WORK TO BE COMPLETED:
Please repeat the records exactly, keeping the pictures out.

START DATA IN THIS EXERCISE

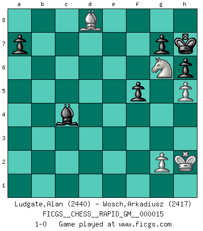 Last move : 1-0 2021 September 17 20:26:29 [Event "FICGS__CHESS__RAPID_GM__000015"] [Site "FICGS"] [Date "2021.05.30"] [Round "1"] [White "Ludgate,Alan"] [Black "Wosch,Arkadiusz"] [Result "1-0"] [WhiteElo "2440"] [BlackElo "2417"] 1.d4 Nf6 2.c4 e6 3.Nc3 Bb4 4.a3 Bxc3+ 5.bxc3 c5 6.f3 d5 7.cxd5 Nxd5 8.dxc5 f5 9.Nh3 Qa5 10.Bd2 Qxc5 11.c4 Ne3 12.Qc1 Nxf1 13.Bb4 Qd4 14.Kxf1 e5 15.e3 Qd8 16.Ke2 Be6 17.Rd1 Qh4 18.f4 h6 19.Kf1 Kf7 20.Qb2 Nc6 21.Bc3 Qe7 22.fxe5 Rhd8 23.Rd6 Bxc4+ 24.Kg1 Rxd6 25.exd6 Qxe3+ 26.Kh1 Qb6 27.Qc2 Qc5 28.Bb2 Qd5 29.Qc3 Rg8 30.Nf2 Kg6 31.Rd1 Qf7 32.Nh3 Rd8 33.Nf4+ Kh7 34.h4 Rd7 35.Kh2 Bb3 36.Rd2 Ba2 37.Qc2 Bb3 38.Qd3 Bc4 39.Qg3 Nd8 40.h5 Ne6 41.Ng6 Rd8 42.a4 b5 43.d7 bxa4 44.Bc3 a3 45.Ba5 a2 46.Bxd8 a1Q 47.Bh4 Qa5 48.Qb8 Qg8 49.d8Q Nxd8 50.Rxd8 Qa5xd8 51.Qxd8 Qxd8 52.Bxd8 1-0 Nimzo-Indian : Saemisch variation Promotion Queen by player Black (move 46) Promotion Queen by player White (move 49) Player White won this chess game. Follow this game move after move (download)Becoming successful at Chess allows you to discover your own personality. That's what I want for the kids I teach. (Saudin Robovic) Kleine Schachspieler machen Mist, und große Schachspieler machen Mist, aber große machen weniger Mist. (Fritz Sämisch) El Ajedrez es 99 por ciento táctica. (Teichmann) Même si l'adversaire joue le coup analysé précédemment, recommencez l'analyse en voyant la nouvelle position. Première règle de Blumenfeld A proverb is a short sentence based on long experience. (Miguel de Cervantes)
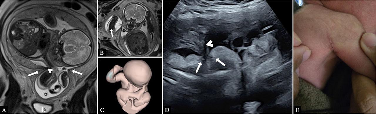 Fetus at 35 weeks of gestation. (A) T2-weighted magnetic resonance imaging (MRI) sequences demonstrate the uterus with a thick myometrial ring separating it into two segments (arrows). The right arm is entrapped in the lower uterine segment (asterisk), with part of the amnion in constant contact with the right axilla (b – bladder). (B) T2-weighted images demonstrate the difference between the left arm (black arrow) and the right arm (white arrow). The right arm shows a hyperintense signal in the subcutaneous tissue, corresponding to localized skin edema. (C) Three-dimensional reconstruction of MRI images of the fetus. The fetal forearm shows edema (blue) and is restricted to the lower uterine segment. (D) Ultrasound image showing the amniotic membrane (white arrows) originating from the uterine constriction ring (arrowhead), rupturing and infiltrating the fetal skin, with striated hypoechoic fibers. (E) Postnatal image of the neonate at the first week of life, showing the scar resulting from the lysis of the amniotic band
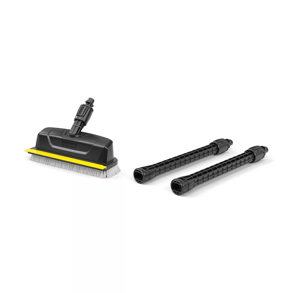 A PS 30 mosókefe ragyogó tisztítási eredményeket biztosít különböző felületeken. Erről 3 magasnyomású fúvóka gondoskodik, amelyek a makacs szennyeződést is feloldják. Ezáltal a PS 30 optimális segítőtárs a kis- és közepes méretű felületek, mint lépcsők és peremek megbízható tisztításában. A nehezen hozzáférhető helyek eléréséhez a kefefej 360°-ban elfordítható. Minden sima felületen használható az integrált gumiélű szennyeződés lehúzó a tisztítás után. Így a felesleges szennyezett víz gyorsan eltávolítható, a felület pedig azonnal újra használható. A magasnyomású sugár és a kefére gyakorolt kézi nyomás kombinációja a tisztítási teljesítményével minden hagyományos súrolót a sarokba állít. A mosókefe minden K 2 - K 7 kategóriájú Kärcher magasnyomású tisztítóval használható.
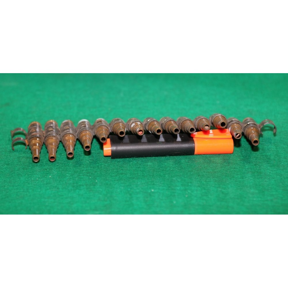 Sběratelský konvolut - 14 ks slepých nábojů .308W (7,62x51) v rozpadavém pásu. Prodej jako celek pro sběratele.
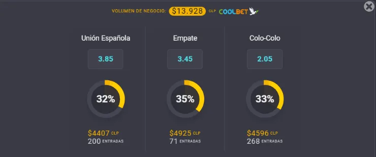 Para el OSO de Coolbet, el favorito para ganar este compromiso de la novena fecha del Campeonato Nacional 2022 es Colo Colo, que paga 2,05 veces lo que juegues, por sobre los 3,85 de Unión Española, si piensas que los hispanos vencerán esta tarde. Ahora, si crees que el partido termina en empate, el resultado paga 3,45 veces lo que apuestes.
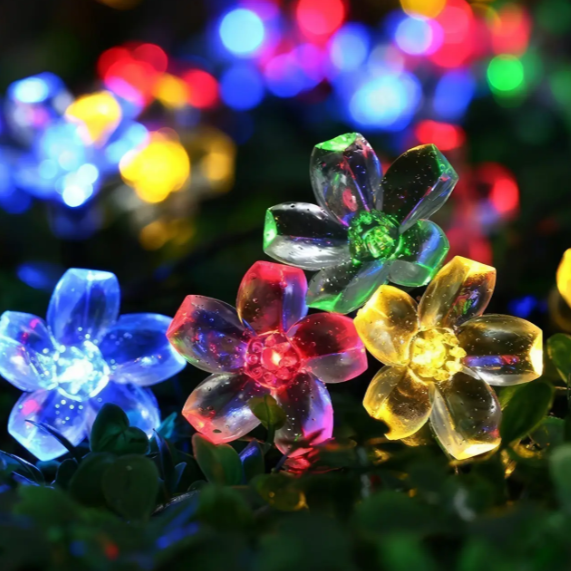 Світильник виконаний у вигляді гілочки з квітами, які світяться різнокольоровими LED-вогниками, створюючи ефект живого цвітіння у темряві. Вбудована сонячна панель заряджається вдень від сонця, а ввечері автоматично вмикає підсвітку.
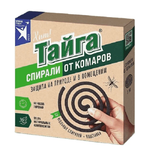 Спирали от комаров и мошек «Тайга» предназначены для защиты от летающих насекомых: комаров, мошек, мокрецов и москитов. Средство подходит для использования на открытом воздухе и в хорошо проветриваемых помещениях.
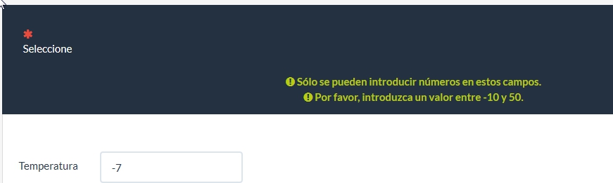 Hi people, Im trying to validate on multiple numerical input just one field to be able to insert just numbers between -10 and 50 with regex, but Im not be able to do it, can someone help me? I attach the lss survey file.
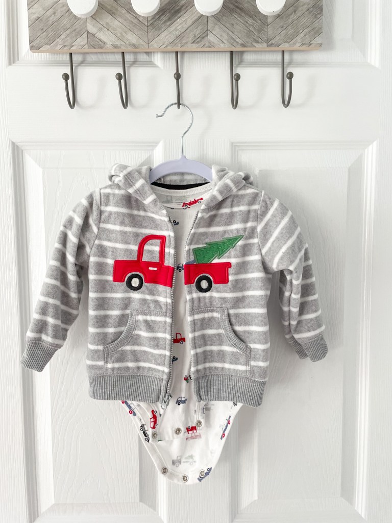I can’t tell you how many brand-new, holiday-themed outfits I’ve found thrifting online. I can only assume the parents either purchased or received the items based on an incorrect assumption of how big their child would be when a specific holiday rolled around. I quickly learned that Alden was always about one size ahead of his actual age. This has helped me snag many holiday pieces with tags still attached.

END DATA IN THIS EXERCISE

EXERCISE OUTPUT:
 Last move : 1-0 2021 September 17 20:26:29 [Event "FICGS__CHESS__RAPID_GM__000015"] [Site "FICGS"] [Date "2021.05.30"] [Round "1"] [White "Ludgate,Alan"] [Black "Wosch,Arkadiusz"] [Result "1-0"] [WhiteElo "2440"] [BlackElo "2417"] 1.d4 Nf6 2.c4 e6 3.Nc3 Bb4 4.a3 Bxc3+ 5.bxc3 c5 6.f3 d5 7.cxd5 Nxd5 8.dxc5 f5 9.Nh3 Qa5 10.Bd2 Qxc5 11.c4 Ne3 12.Qc1 Nxf1 13.Bb4 Qd4 14.Kxf1 e5 15.e3 Qd8 16.Ke2 Be6 17.Rd1 Qh4 18.f4 h6 19.Kf1 Kf7 20.Qb2 Nc6 21.Bc3 Qe7 22.fxe5 Rhd8 23.Rd6 Bxc4+ 24.Kg1 Rxd6 25.exd6 Qxe3+ 26.Kh1 Qb6 27.Qc2 Qc5 28.Bb2 Qd5 29.Qc3 Rg8 30.Nf2 Kg6 31.Rd1 Qf7 32.Nh3 Rd8 33.Nf4+ Kh7 34.h4 Rd7 35.Kh2 Bb3 36.Rd2 Ba2 37.Qc2 Bb3 38.Qd3 Bc4 39.Qg3 Nd8 40.h5 Ne6 41.Ng6 Rd8 42.a4 b5 43.d7 bxa4 44.Bc3 a3 45.Ba5 a2 46.Bxd8 a1Q 47.Bh4 Qa5 48.Qb8 Qg8 49.d8Q Nxd8 50.Rxd8 Qa5xd8 51.Qxd8 Qxd8 52.Bxd8 1-0 Nimzo-Indian : Saemisch variation Promotion Queen by player Black (move 46) Promotion Queen by player White (move 49) Player White won this chess game. Follow this game move after move (download)Becoming successful at Chess allows you to discover your own personality. That's what I want for the kids I teach. (Saudin Robovic) Kleine Schachspieler machen Mist, und große Schachspieler machen Mist, aber große machen weniger Mist. (Fritz Sämisch) El Ajedrez es 99 por ciento táctica. (Teichmann) Même si l'adversaire joue le coup analysé précédemment, recommencez l'analyse en voyant la nouvelle position. Première règle de Blumenfeld A proverb is a short sentence based on long experience. (Miguel de Cervantes)
 Fetus at 35 weeks of gestation. (A) T2-weighted magnetic resonance imaging (MRI) sequences demonstrate the uterus with a thick myometrial ring separating it into two segments (arrows). The right arm is entrapped in the lower uterine segment (asterisk), with part of the amnion in constant contact with the right axilla (b – bladder). (B) T2-weighted images demonstrate the difference between the left arm (black arrow) and the right arm (white arrow). The right arm shows a hyperintense signal in the subcutaneous tissue, corresponding to localized skin edema. (C) Three-dimensional reconstruction of MRI images of the fetus. The fetal forearm shows edema (blue) and is restricted to the lower uterine segment. (D) Ultrasound image showing the amniotic membrane (white arrows) originating from the uterine constriction ring (arrowhead), rupturing and infiltrating the fetal skin, with striated hypoechoic fibers. (E) Postnatal image of the neonate at the first week of life, showing the scar resulting from the lysis of the amniotic band
 A PS 30 mosókefe ragyogó tisztítási eredményeket biztosít különböző felületeken. Erről 3 magasnyomású fúvóka gondoskodik, amelyek a makacs szennyeződést is feloldják. Ezáltal a PS 30 optimális segítőtárs a kis- és közepes méretű felületek, mint lépcsők és peremek megbízható tisztításában. A nehezen hozzáférhető helyek eléréséhez a kefefej 360°-ban elfordítható. Minden sima felületen használható az integrált gumiélű szennyeződés lehúzó a tisztítás után. Így a felesleges szennyezett víz gyorsan eltávolítható, a felület pedig azonnal újra használható. A magasnyomású sugár és a kefére gyakorolt kézi nyomás kombinációja a tisztítási teljesítményével minden hagyományos súrolót a sarokba állít. A mosókefe minden K 2 - K 7 kategóriájú Kärcher magasnyomású tisztítóval használható.
 Sběratelský konvolut - 14 ks slepých nábojů .308W (7,62x51) v rozpadavém pásu. Prodej jako celek pro sběratele.
 Para el OSO de Coolbet, el favorito para ganar este compromiso de la novena fecha del Campeonato Nacional 2022 es Colo Colo, que paga 2,05 veces lo que juegues, por sobre los 3,85 de Unión Española, si piensas que los hispanos vencerán esta tarde. Ahora, si crees que el partido termina en empate, el resultado paga 3,45 veces lo que apuestes.
 Світильник виконаний у вигляді гілочки з квітами, які світяться різнокольоровими LED-вогниками, створюючи ефект живого цвітіння у темряві. Вбудована сонячна панель заряджається вдень від сонця, а ввечері автоматично вмикає підсвітку.
 Спирали от комаров и мошек «Тайга» предназначены для защиты от летающих насекомых: комаров, мошек, мокрецов и москитов. Средство подходит для использования на открытом воздухе и в хорошо проветриваемых помещениях.
 Hi people, Im trying to validate on multiple numerical input just one field to be able to insert just numbers between -10 and 50 with regex, but Im not be able to do it, can someone help me? I attach the lss survey file.
I can’t tell you how many brand-new, holiday-themed outfits I’ve found thrifting online. I can only assume the parents either purchased or received the items based on an incorrect assumption of how big their child would be when a specific holiday rolled around. I quickly learned that Alden was always about one size ahead of his actual age. This has helped me snag many holiday pieces with tags still attached.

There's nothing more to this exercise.